As Superset progressed, Airbnb has remained a consistent contributor to the project. In the past, we discussed how this journey started and the introduction of new product features. This post will cover high-level technical details on how we scaled Superset to a mature BI tool that supports enterprise use cases and how working with the community enabled us to build custom integrations with our other enterprise tools and systems.
By the Numbers
As the longest-running Superset environment, Airbnb has spent the last five years working closely with open-source contributors to build a product that scales and grows with the company. This has culminated in the ability to enable staggering amounts of data-driven intelligence. Superset at Airbnb handles on a weekly basis around:
- 2,000 users
- 50,000 SQL Lab queries
- 6,000 and 125,000 dashboard and chart views† respectively
† Views are defined as unique (day, user, entity) tuples and chart views encompass both dashboard and explorer surfaces.

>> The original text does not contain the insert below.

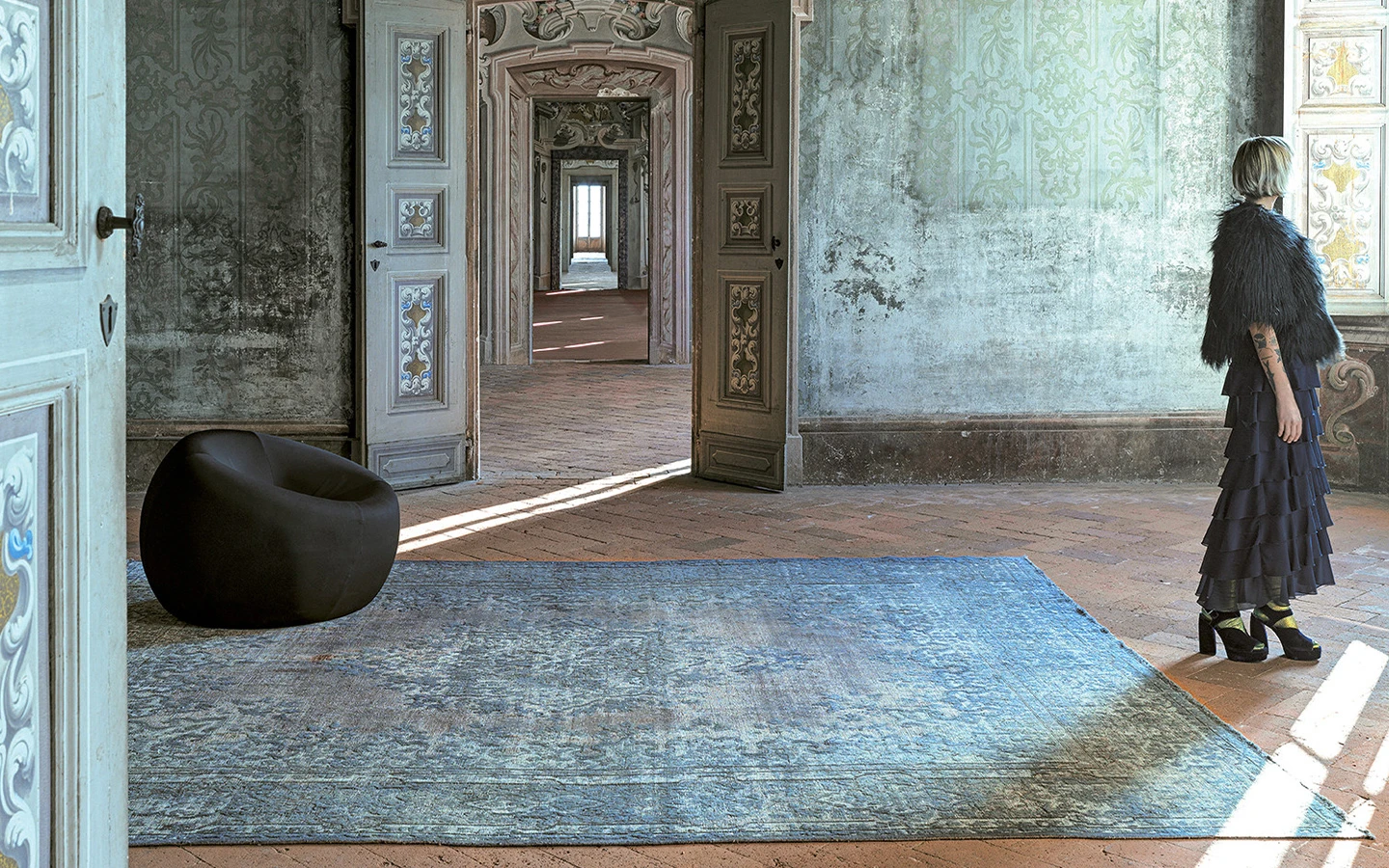 Килимът VINTAGE DARK TURQUOISE от Mohebban Milano е част от колекцията VINTAGE, която трансформира традиционни ръчно вързани килими в модерни дизайнерски произведения. Тези килими преминават през процес на обезцветяване и последващо багрене в монохромни нюанси, което им придава уникален и съвременен вид. Влакната на килима се частично или напълно бръснати, за да се постигне износен, но стилен ефект. Всеки килим от тази колекция е уникален и невъзможен за точно възпроизвеждане.

Our ecosystem now comprises more than 100,000 tables and virtual datasets backing over 200,000 charts and 14,000 dashboards.
All this analysis, slicing and dicing, and decision making was performed by users across many job functions at Airbnb; over 25% of the company uses Superset on a weekly basis.
How We Scaled Superset
To support Airbnb’s scale, we built several custom features in and around Superset. These configuration options, daily offline jobs, and warehouse optimizations were key to scaling Superset.
Cache Warmup Job
Of all dashboards viewed each day at Airbnb, 90% are viewed more than once. This, combined with the fact that currently most new data only lands once a day through our ETL (extract, transform, load) jobs, means that caching the results of dashboard charts daily can dramatically improve performance for the majority of users. Using Apache Airflow™, we implemented an effective offline cache warmup strategy focused on warming up recently viewed dashboards, resulting in an 86% cache hit rate for Presto®-backed charts. Since Superset natively supports caching chart requests in Redis™*, we were able to programmatically load the popular dashboards during non-business hours, thus reducing the load on our query engines, Presto® and Apache Druid™, during peak hours. This improved cached chart load times from over 30 seconds when uncached to under four seconds.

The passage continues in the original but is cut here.